The next step in the machine-learning process involves selecting the data features that need to be measured. These features are then used by the machine-learning training model to find the groupings of data or classifications. These features need to be extracted from the data that is brought in. The next step is to run through (parts of) the data to check if it makes sense and then to run the data through a model (see below) and check the outcomes. As a result, it is possible to ascertain which features only add noise and can be removed, and which additional features are needed. In this respect, comparing the results obtained from other models can provide additional insights.

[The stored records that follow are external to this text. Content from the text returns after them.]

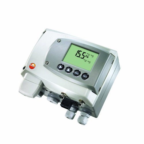 Testo 6351 Differential Pressure Transmitter. The Testo 6351 was developed specially for monitoring differential pressure in the measuring range from 0 to 100 Pa. In cleanroom technology, the maintenance of positive pressure prevents the entry of contaminated air. In order to keep the cleanroom conditions constant, the transmitter additionally calculates the parameters volume flow and flow velocity from the measured differential pressure.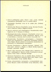 Spis vedoucího katedry dialektického a historického materialismu na brněnské universitě zkoumá otázku, kdy a jak působil Feuerbach na mladého Marxe. Jde o důležitou otázku, kterou revizionisté a dogmatici překrucovali ba stavěli Marxe proti Marxovi. Autor vždy usiloval, aby politické a vědecké ideje marxismu byly šířeny v ryzí podobě. A tentokráte se podjal úkolu nad jiné odpovědného, objasnit sám historický zrod marxismu. V rozboru podmínek a okolností za nichž došlo k přerodu K. Marxe v marxistického filosofa vrcholí jeho práce. Předčasná smrt zabránila autoru, aby provedl poslední korektury.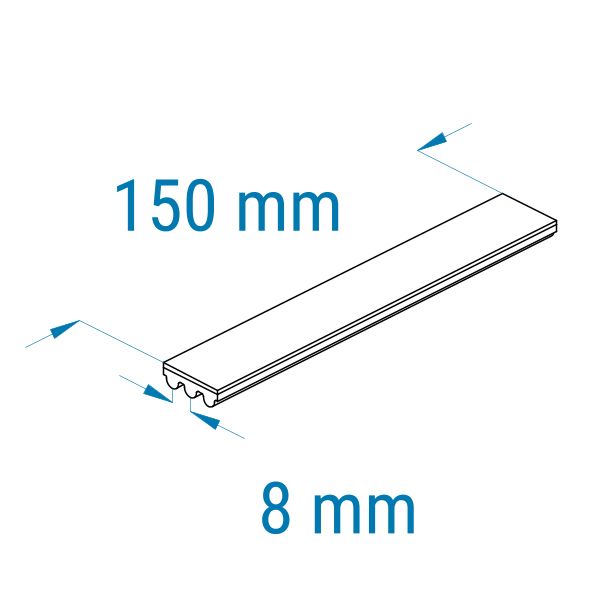 Profil: 8M (HTD) | Breite: 150 mm | Mitnahme: hoch | Oberfläche: Struktur, fein | Abriebfestigkeit: mittel | für Holz, Kunststoffkästen, Kartonagen, Gibtskarton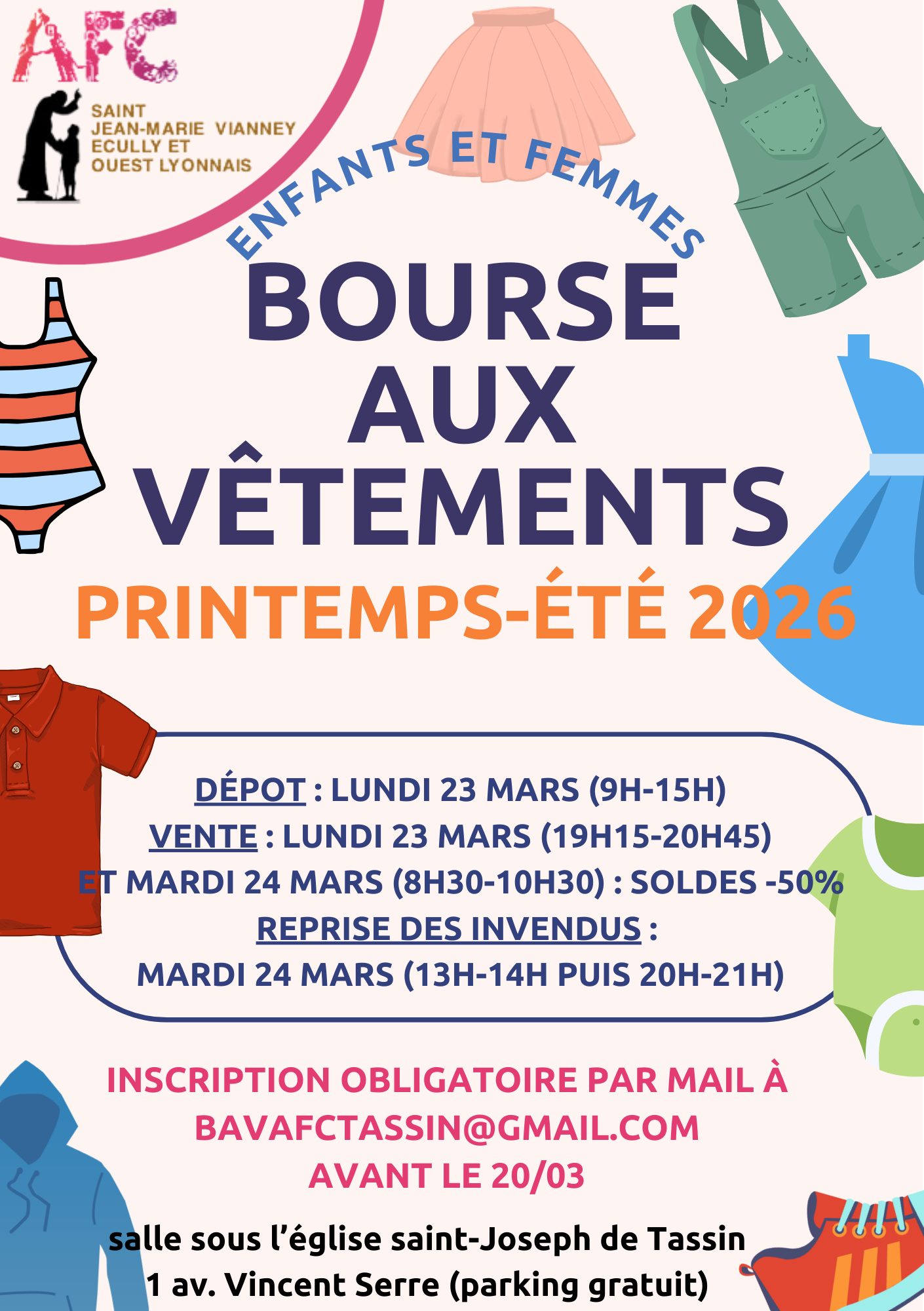 BOURSE AUX VÊTEMENTS PRINTEMPS-ETE 2026. LUNDI 23 MARS ET MARDI 24 MARS A TASSIN.

Linear algebra and statistics provide the basis for machine learning. Sara Guido and Andreas Muller provide a comprehensive introduction to theory and practice as well as a practical overview of models in their book “Introduction to Machine Learning with Python.” Luckily, the Python libraries abstract many of these complexities and bring different calculation methods to work. All you need to do is:
- Bring the data in the right shape
- Determine what you would like to investigate
- Decide which model will help you with your question
- Train the model with measurements.
Three types of machine learning can be distinguished: supervised learning, unsupervised learning, and reinforcement learning.

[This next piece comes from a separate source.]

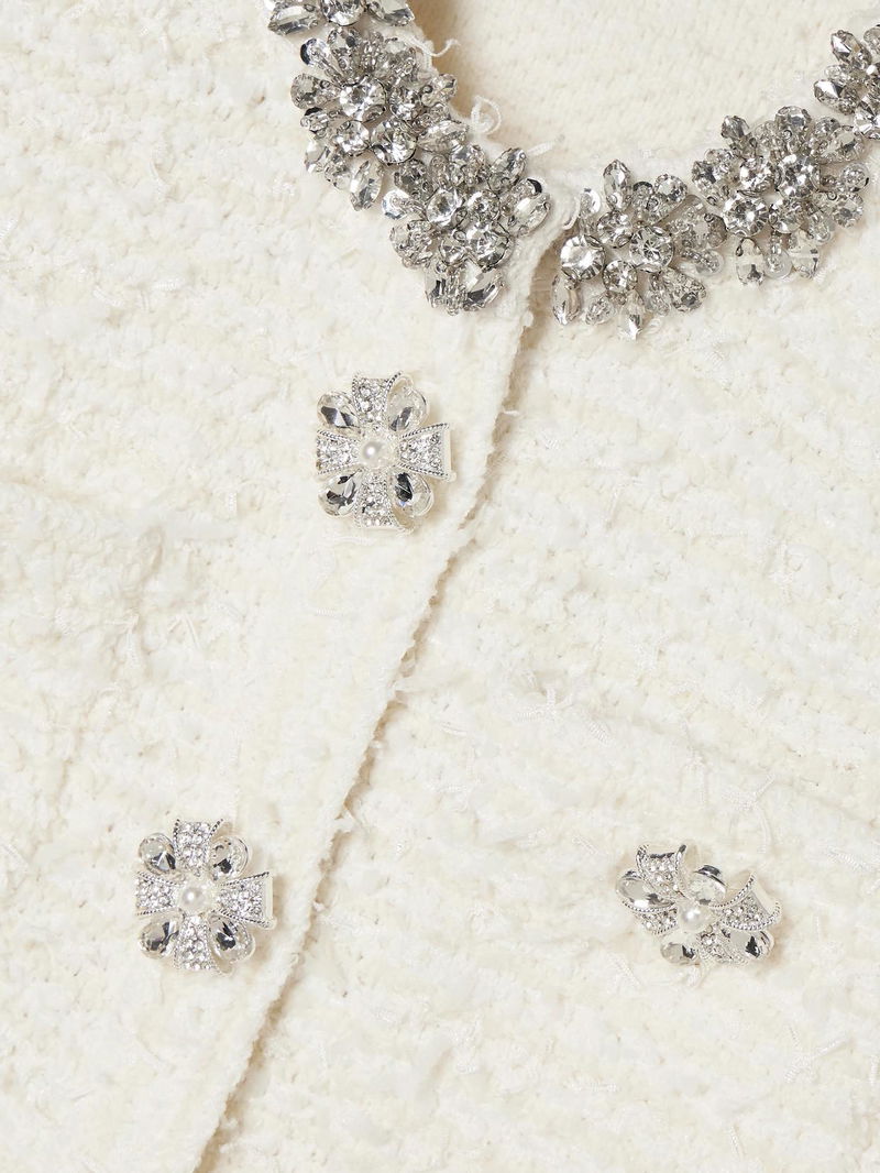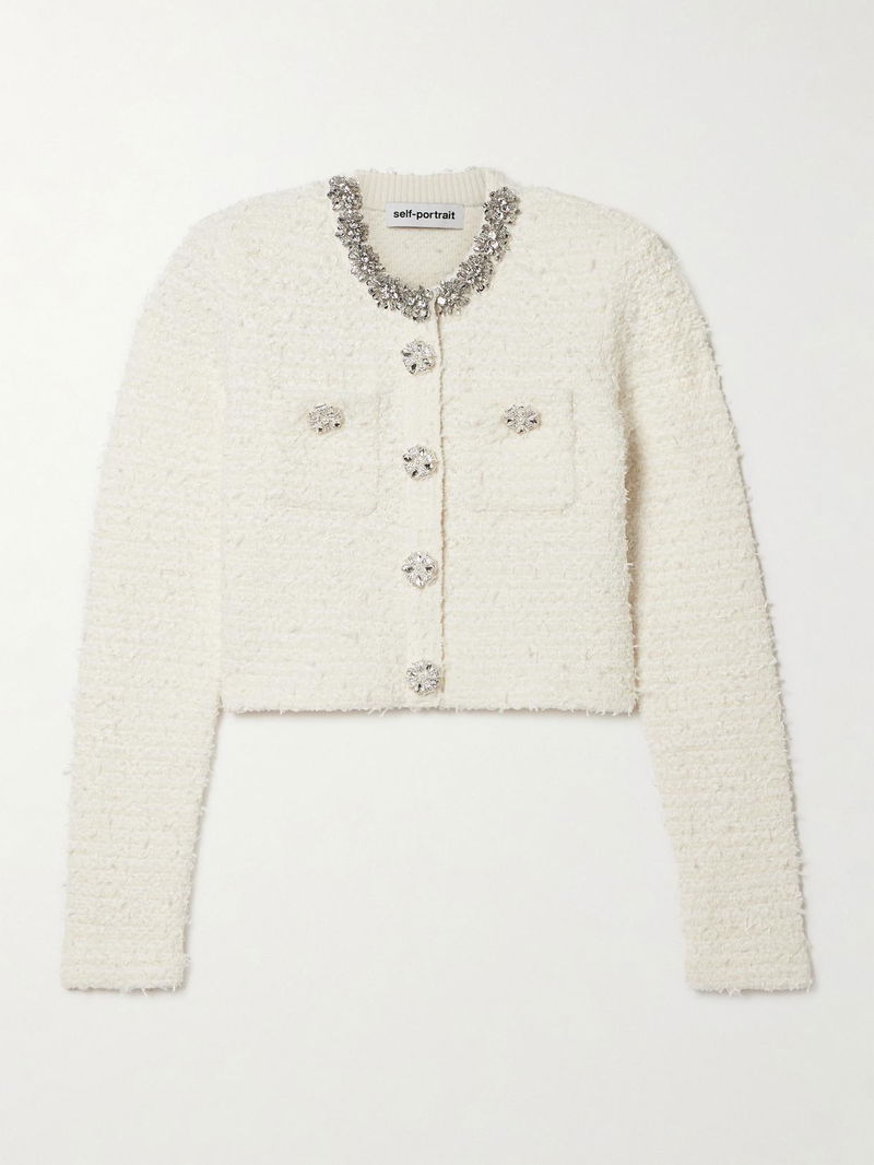 Sitting halfway between knitwear and a jacket, this cardigan is as glamorous as you might expect of Self-Portrait. Made from cotton-blend bouclé, it's encrusted with sparkling crystals at the neckline and has coordinating buttons, so you won't need too much jewelry. We love it with the coordinating mini dress or blue jeans.

In supervised learning, the algorithm is fed with data (features) with an outcome for every data row (classification). In the Iris example, for every combination of length/width of the petal and sepal an Iris species is provided. The learning algorithm is then able to relate to the existing combinations and make a prediction when a new measurement is brought in.

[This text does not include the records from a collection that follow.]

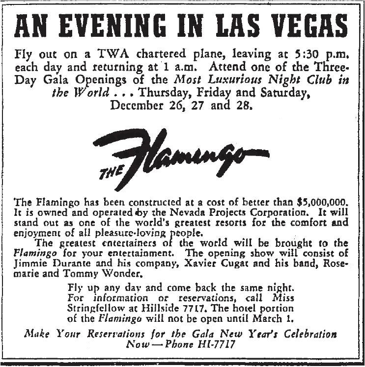 Sep 10 Hedda Hopper’s column mentions a huge nightclub under construction in Las Vegas with Bugsy’s backing, to be called the Flamingo, with 4 swimming pools, to be opened in November, noting how our returning veterans “can’t even get a shed for shelter.”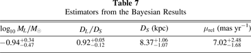 and q for the inner and outer solutions, the Bayesian analysis returns indistinguishable distributions, and for these reasons it is justifiable to say that both give the same derived planet mass distribution. This is not the case for the projected separation between host and planet, which has a small but not negligible difference. The derived distributions are shown in Figure 11 and their estimators in Table 8.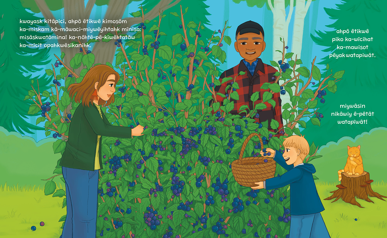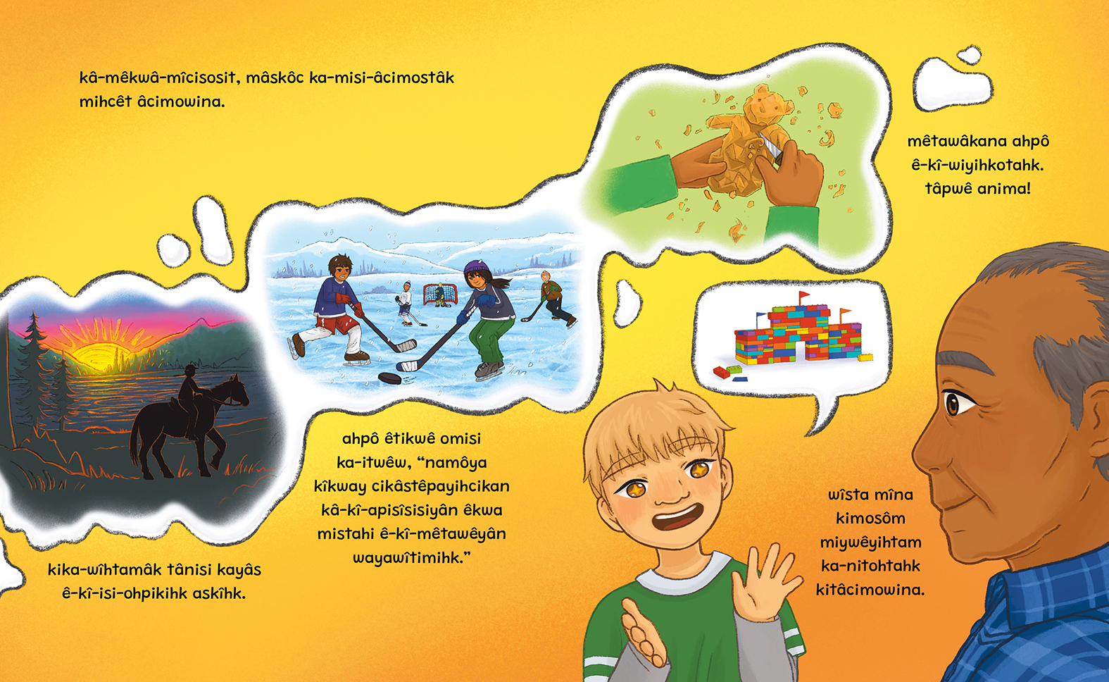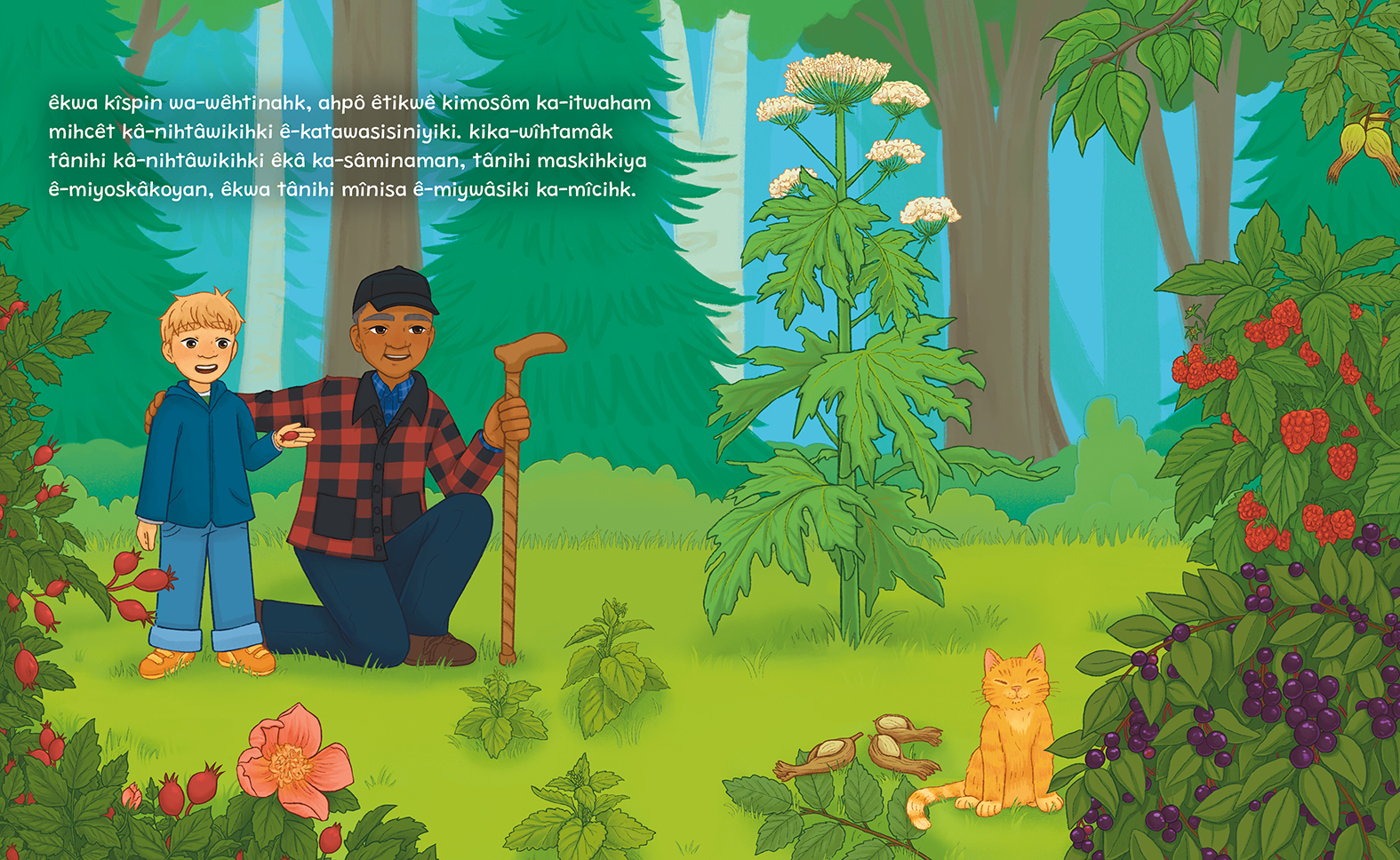 If you make him tea, chances are that he will want some bannock to go with it. He will tell you his stories, show you pictures from when he was young and share his Knowledge. Although Mosom may move a little slower and sometimes forget things, you can help him find his glasses and go for walks together. It’s okay to go slow. Along the way, Mosom will teach you new Cree words and the best places to find delicious saskatoon berries. And when you're back home again, Mosom might just ask you to make him another cup of tea.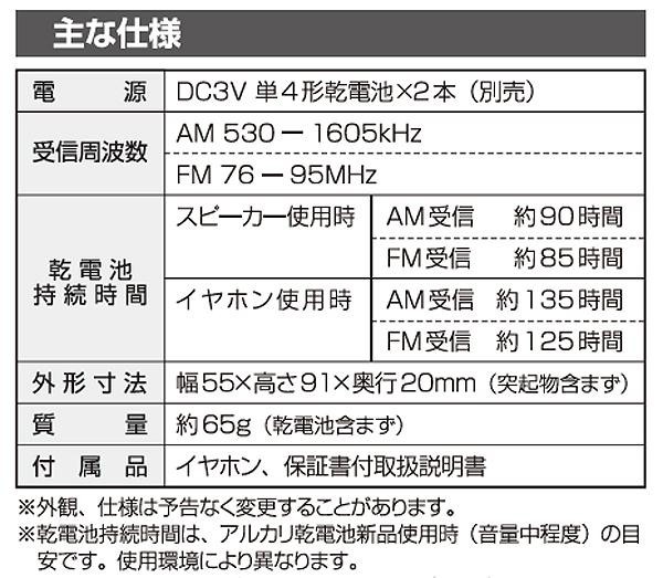 ワイドFM(FM補完放送)対応の高感度ラジオ。最大135時間持続の電池長持ちタイプ。ラウンドフォルムで持ちやすく、コンパクトだから携帯に便利!同調ランプが光ります。FMロッドアンテナ・モノラル受信・スピーカー搭載・イヤホン付属。 |

In unsupervised data, input features are provided but no output is given. The machine learning system must identify classification groups on its own.
In reinforcement learning, an additional element is added to address interactions with the environment; the system receives awards by performing specific actions. Reinforcement learning is used, for instance, in gaming or operations.
Supervised learning is a good starting point for a machine-learning endeavor because it aligns with available knowledge and provides fast results. Scikit-learn is a supervised model that supports an extensive list of models, the most well-known of which are:
- Linear models
- Nearest neighbors
- Gaussian processes
- Naive Bayes
- Decision trees.
Apart from getting the right data and determining the features, the selection choice for the model is a difficult one. Luckily, the scikit-learn website provides a cheat sheet to help determine which model (or estimator as scikit-learn calls it) to choose:
- Machine Learning with Python (O’Reilly)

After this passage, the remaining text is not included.